Sam: I was controlling my breathing, not practicing doubting meditation
—- Sharing on the 2-day retreat (2R6), 2014/10/04 to 2014/ 10/05
I did not have profound doubt in this 2-day retreat, but I found I have some small physical movements which I was not aware before.
I found that I hunched after a couple of sitting sessions. Hunchback would cause uncomfortable feelings in spine and chest, so I always correct my posture whether intentionally or unintentionally while sitting sessions. But this time, the teacher did not allow us to correct our postures, so I paid more attention to my waist to avoid hunchback. I found that the hunch is not a short and single movement but a process of slow movements. So I let myself experience the process of becoming hunch step by step and then the strengthen-up. I also found that if I was capable of being aware of the “beginning” of this spine movement, I could easily to adjust my spine to its correct position. It is just like our “wandering thoughts”. Every time when I found my wandering thoughts, I had already involved and played in the drama for a long while. If I could be aware of my wandering thought right at the first moment, I would not develop the following wandering thoughts.

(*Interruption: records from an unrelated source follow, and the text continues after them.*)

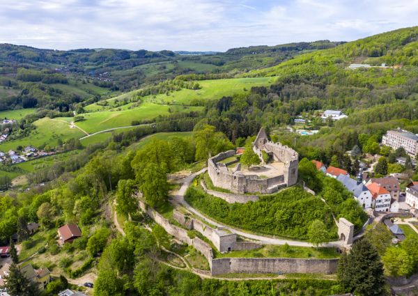 Luftaufnahme der Burg Lindenfels, Mittelalterliche Stadt Lindenfels, Bergstraße, Hessen, Deutschland
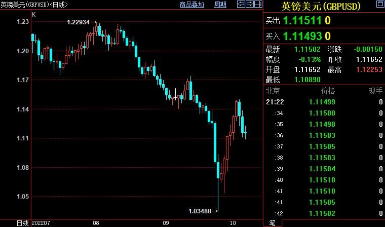英镑兑美元上浮0.04%至1.1159,盘中最高触及1.1494。投资者评估了英国首相特拉斯周三在保守党大会上的讲话。特拉斯敦促保守党团结起来,帮助经济和国家转型。她的评论是在政府周一宣布减税转折后发表的。
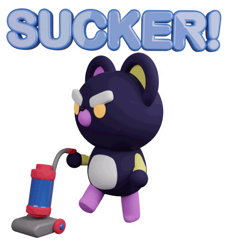A 3D animated bear character from Timothy Winchester's Peopleiknow series, holding a vacuum cleaner with the word 'SUCKER!' above its head.
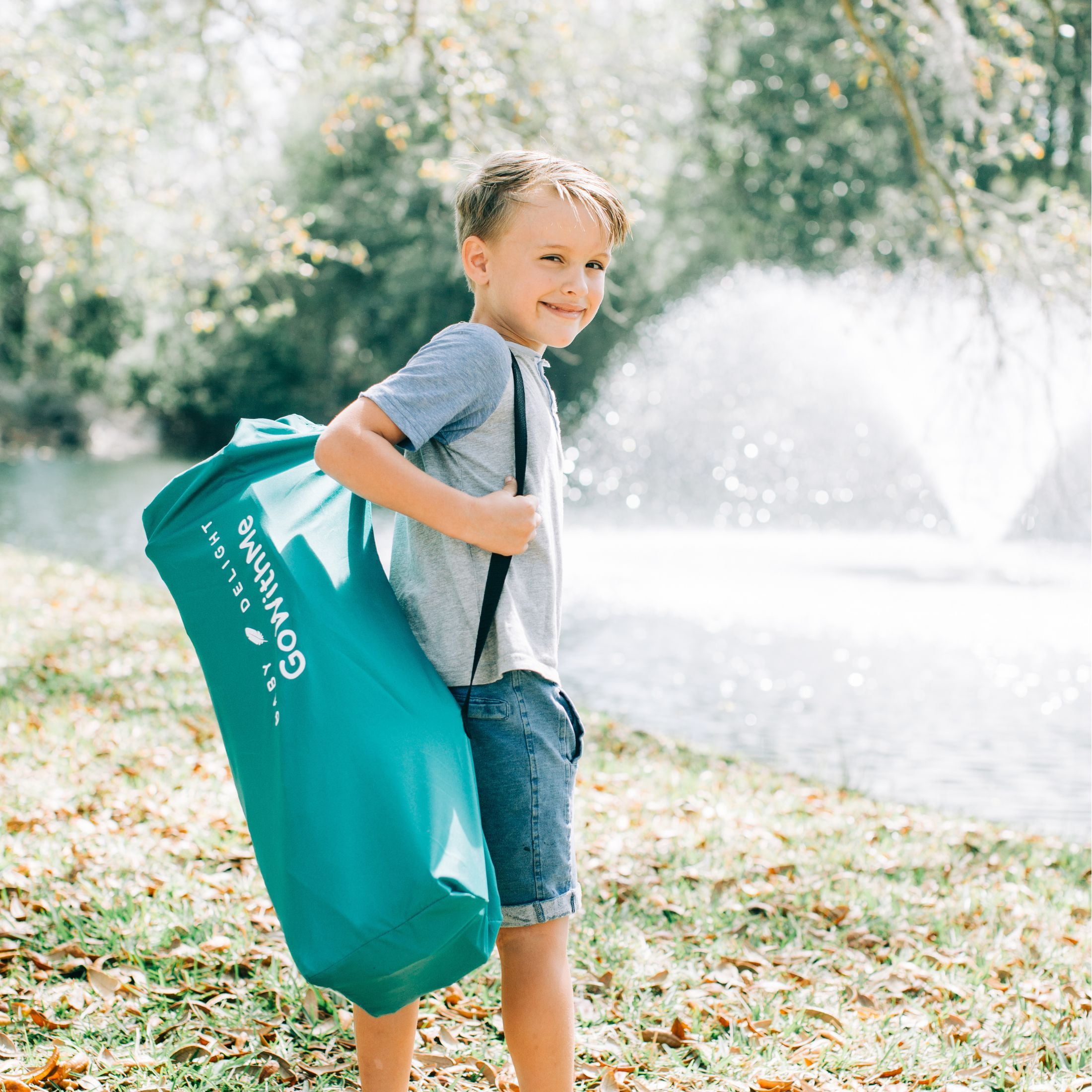 From baby to big kid, travel with ease using the Go With Me Jubilee Portable Chair (Teal). The 5-point harness helps your baby sit upright while remaining secure. The harness is then removable so that toddlers and big-kids can use the chair comfortably. The removable tray features an area big enough for snacks or activities as well as a cup holder that fits most drinks. Indoor/outdoor polyester along with the removable sun canopy makes this chair built to grow and built to go.
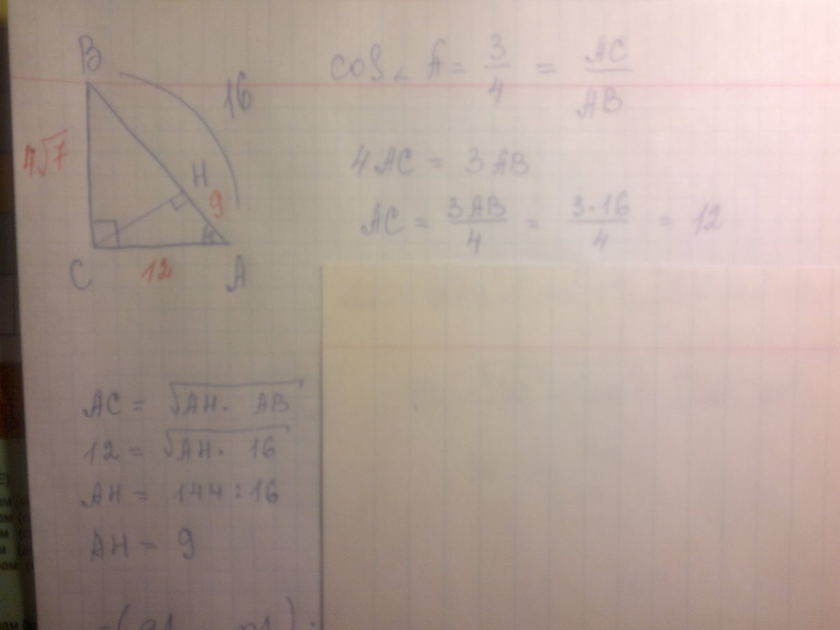 1) В треугольнике АВС угол С равен 90 градусов, СН - высота, АВ = 16, cos a = 3/4. Найдите АН.
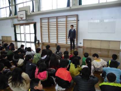 4時間目に,4年生全員が体育館に集まって学年集会をしました。初めに,学年目標と学校のきまりを全体で確認し,みんなで共通理解してから,その後は1組対2組でドッジボールをしました。この一年,学年目標の「全力・協力・底力〜あきらめないで最後まで」を全体で意識して,素敵な一年をつくっていきたいです。

I suffered from a migraine in the first day, and that also caused a deep pain around my eye sockets in the first day. Usually in sitting, I feel my body united as one without any physical burden. It was until that session, I found I would close my eyelids and push my eyeballs intensively, and this movement was like a sign to preparing into a more concentrated state. But in the first day once I pushed my eyeballs with my eyelids, I felt my migraine symptom became worse because of my migraine. So every time when I was unintentionally performing this small eyelid movement, I had to remind myself to relax my eyeballs, and it was just a fake movement.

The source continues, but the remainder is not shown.